What is being asked:
Leaving out every picture, copy the lines of the data exactly, from the first through the line containing "Hount Womens Winter".

Information shown:
※
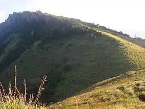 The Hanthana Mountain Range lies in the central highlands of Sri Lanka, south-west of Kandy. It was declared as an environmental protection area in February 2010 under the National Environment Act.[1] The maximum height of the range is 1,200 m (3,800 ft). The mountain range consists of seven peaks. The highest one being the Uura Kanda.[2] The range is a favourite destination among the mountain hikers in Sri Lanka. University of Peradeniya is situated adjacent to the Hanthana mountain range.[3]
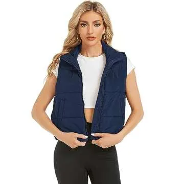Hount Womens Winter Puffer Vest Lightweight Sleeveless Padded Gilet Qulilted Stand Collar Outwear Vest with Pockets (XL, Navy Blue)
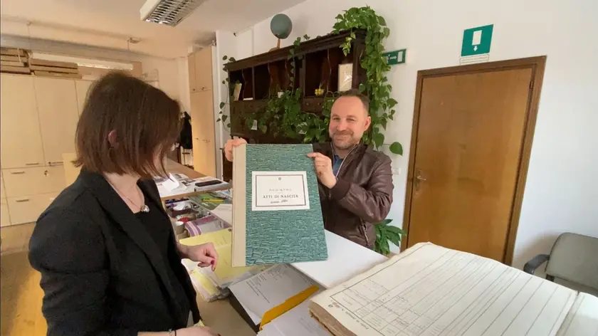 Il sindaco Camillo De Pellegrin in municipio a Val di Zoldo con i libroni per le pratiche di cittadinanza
※
Task response:
 The Hanthana Mountain Range lies in the central highlands of Sri Lanka, south-west of Kandy. It was declared as an environmental protection area in February 2010 under the National Environment Act.[1] The maximum height of the range is 1,200 m (3,800 ft). The mountain range consists of seven peaks. The highest one being the Uura Kanda.[2] The range is a favourite destination among the mountain hikers in Sri Lanka. University of Peradeniya is situated adjacent to the Hanthana mountain range.[3]
Hount Womens Winter Puffer Vest Lightweight Sleeveless Padded Gilet Qulilted Stand Collar Outwear Vest with Pockets (XL, Navy Blue)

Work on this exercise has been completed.